## Work to complete
Your answer should be the lines below from the one holding "生成り色地 抽象花文 浴衣" through the one holding "La lámpara está", copied exactly and with nothing else.

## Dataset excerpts
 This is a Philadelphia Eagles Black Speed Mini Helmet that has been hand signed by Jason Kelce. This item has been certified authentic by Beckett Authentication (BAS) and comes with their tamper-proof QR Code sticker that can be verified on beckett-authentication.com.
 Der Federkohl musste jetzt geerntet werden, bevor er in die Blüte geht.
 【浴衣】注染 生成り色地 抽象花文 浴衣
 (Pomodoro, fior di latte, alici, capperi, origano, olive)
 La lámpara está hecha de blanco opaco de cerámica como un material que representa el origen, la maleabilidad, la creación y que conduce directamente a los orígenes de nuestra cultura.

--

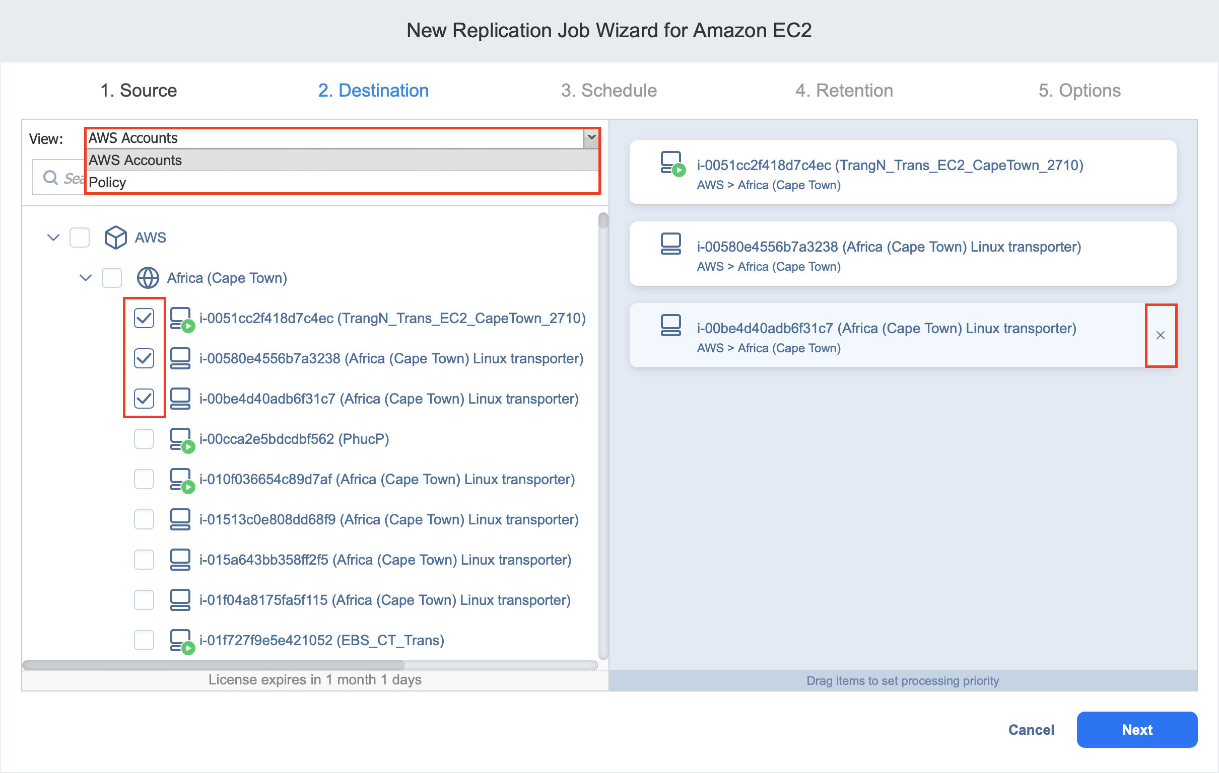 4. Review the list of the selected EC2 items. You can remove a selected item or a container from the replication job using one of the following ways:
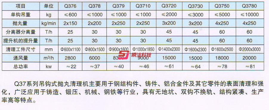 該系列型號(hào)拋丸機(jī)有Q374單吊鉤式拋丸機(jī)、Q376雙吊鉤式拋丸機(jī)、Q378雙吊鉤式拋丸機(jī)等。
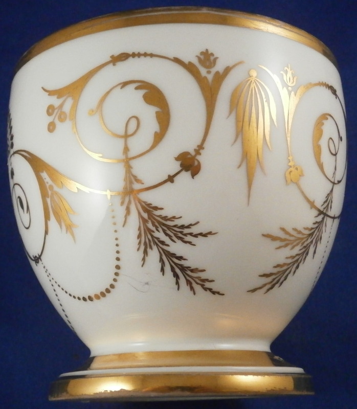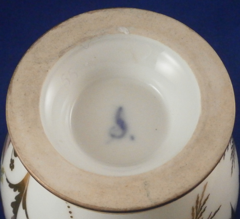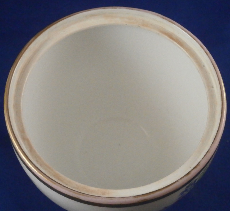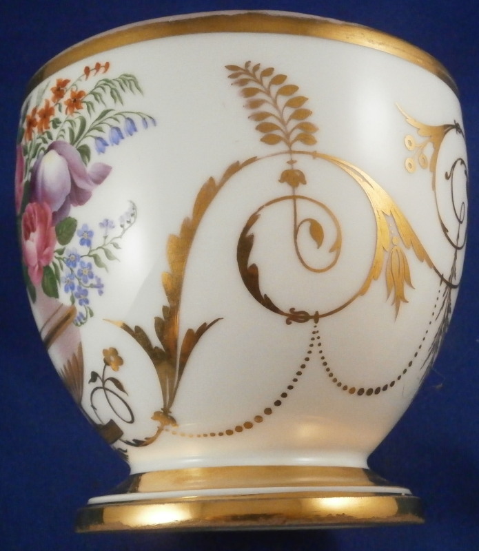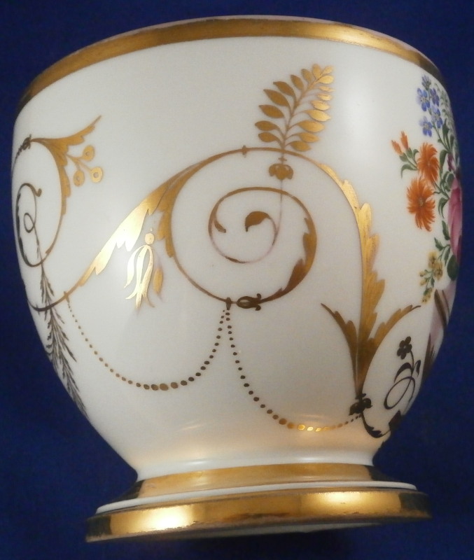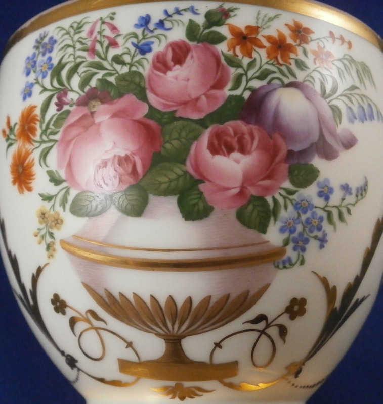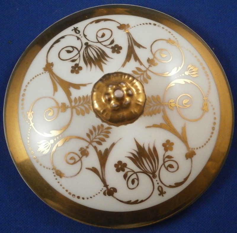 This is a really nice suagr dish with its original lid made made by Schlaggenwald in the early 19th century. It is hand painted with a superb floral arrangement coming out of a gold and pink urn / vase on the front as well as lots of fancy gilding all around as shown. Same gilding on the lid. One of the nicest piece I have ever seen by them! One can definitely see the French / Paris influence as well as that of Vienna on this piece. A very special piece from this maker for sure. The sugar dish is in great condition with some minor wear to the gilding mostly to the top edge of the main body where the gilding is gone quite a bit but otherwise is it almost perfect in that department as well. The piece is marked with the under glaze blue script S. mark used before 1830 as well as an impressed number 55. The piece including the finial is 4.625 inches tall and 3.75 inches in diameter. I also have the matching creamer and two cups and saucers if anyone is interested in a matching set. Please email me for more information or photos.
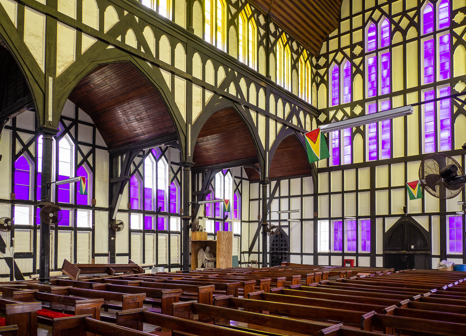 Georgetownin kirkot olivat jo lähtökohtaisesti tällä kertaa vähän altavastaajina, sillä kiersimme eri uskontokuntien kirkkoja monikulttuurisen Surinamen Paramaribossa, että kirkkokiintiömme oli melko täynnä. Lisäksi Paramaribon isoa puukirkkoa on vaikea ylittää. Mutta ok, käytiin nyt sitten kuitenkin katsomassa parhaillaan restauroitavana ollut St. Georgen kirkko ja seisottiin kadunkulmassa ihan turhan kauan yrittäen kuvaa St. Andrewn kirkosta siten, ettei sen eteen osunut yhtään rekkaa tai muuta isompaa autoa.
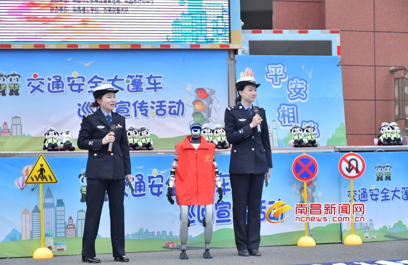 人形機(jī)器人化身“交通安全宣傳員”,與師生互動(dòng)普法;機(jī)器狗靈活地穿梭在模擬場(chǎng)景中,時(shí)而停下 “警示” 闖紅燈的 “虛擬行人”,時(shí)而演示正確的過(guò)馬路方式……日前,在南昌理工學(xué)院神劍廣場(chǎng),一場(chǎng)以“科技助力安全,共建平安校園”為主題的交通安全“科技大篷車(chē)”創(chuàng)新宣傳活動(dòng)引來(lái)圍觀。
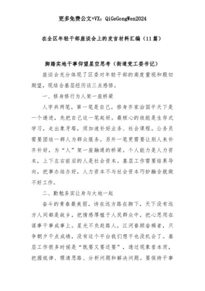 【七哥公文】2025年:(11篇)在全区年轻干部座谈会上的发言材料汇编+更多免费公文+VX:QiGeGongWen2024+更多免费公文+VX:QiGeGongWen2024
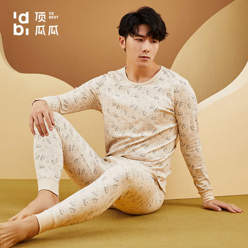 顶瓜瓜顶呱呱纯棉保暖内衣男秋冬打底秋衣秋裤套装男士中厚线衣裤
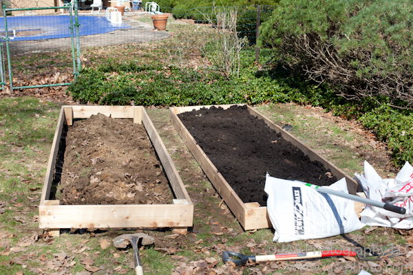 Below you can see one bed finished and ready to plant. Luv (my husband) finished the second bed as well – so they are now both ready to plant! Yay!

## Task output
 【浴衣】注染 生成り色地 抽象花文 浴衣
 (Pomodoro, fior di latte, alici, capperi, origano, olive)
 La lámpara está hecha de blanco opaco de cerámica como un material que representa el origen, la maleabilidad, la creación y que conduce directamente a los orígenes de nuestra cultura.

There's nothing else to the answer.